# Searching for a story



## singulari (Apr 25, 2010)

A few years back I lost everything in a hard drive failure. :doh:

Hopefully someone can help me find one I am looking for.

It involves a woman who gets a mysterious dress that allows her to eat anything. Each time she burps she grows taller and fatter.
She eats a every thing in he house, everything in a grocery store, then the store itself.
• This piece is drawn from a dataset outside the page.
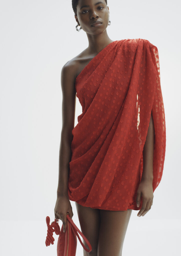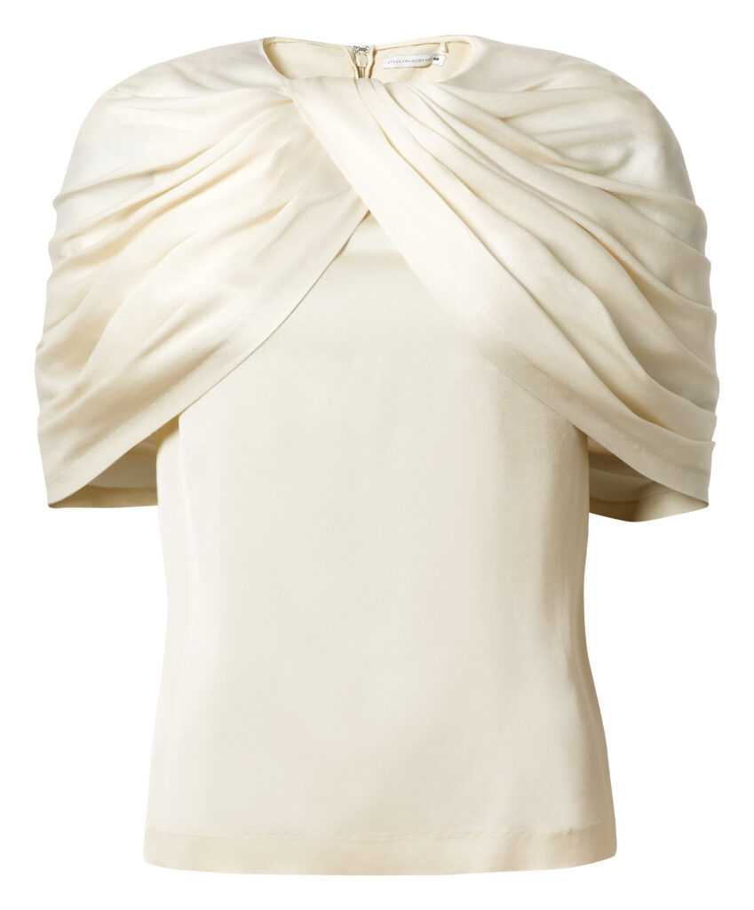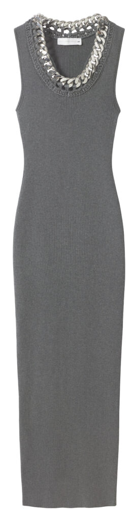 Među komadima koji se najviše izdvajaju nalaze se rebraste pletene haljine i topovi s prepoznatljivim Falabella lancem oko vrata, detaljem koji se već dugo veže uz ime Stelle McCartney. Posebnu pažnju privlači i duga bijela haljina s rukavom nalik pelerini koji se nastavlja u rub, pa pri kretanju stvara gotovo kružnu liniju. To je onaj tip komada koji odmah nosi sliku, pokret i određeni modni stav.

Does anyone know anything about this story?
It would be very appreciated.
:bow:


----------



## Perry White (Apr 25, 2010)

Hmm, unfortunately I don't remember reading any story like that at all. Was it ever on this site, or was it on another writer's site?


----------



## singulari (Apr 25, 2010)

I don't remember where I got it from.

It is WG and Giantess, so I'm not sure where to look.


----------



## Mac5689 (Apr 27, 2010)

singulari said:


> A few years back I lost everything in a hard drive failure. :doh:
> 
> Hopefully someone can help me find one I am looking for.
> 
> ...



I've never read a story like that, but i have seen a cartoon that kinda fits that discription


----------



## ShammyBoy (May 5, 2010)

his is the closest thing I can think of. In the library it is listed as part one so maybe it was completed elsewhere with what you remember

http://www.dimensionsmagazine.com/Weight_Room/stories/fun_size.html


----------



## Rebel (Dec 23, 2012)

The bit about being trapped in a supermarket and eating everything in it really does sound familiar, and really old... I'm thinking that it may have been written around the same time that Melanie Bell (miss her!) was writing...
I know that this isn't really helpful, but maybe it will help to at least make you think that you aren't crazy...


----------



## silentbob (Jan 16, 2013)

Rebel said:


> The bit about being trapped in a supermarket and eating everything in it really does sound familiar, and really old... I'm thinking that it may have been written around the same time that Melanie Bell (miss her!) was writing...
> I know that this isn't really helpful, but maybe it will help to at least make you think that you aren't crazy...



Well there is Tipping the Scales of Justice, by Melanie Bell...
http://www.dimensionsmagazine.com/dimtext/stories/melanie/tip/MB-Tip01.html


----------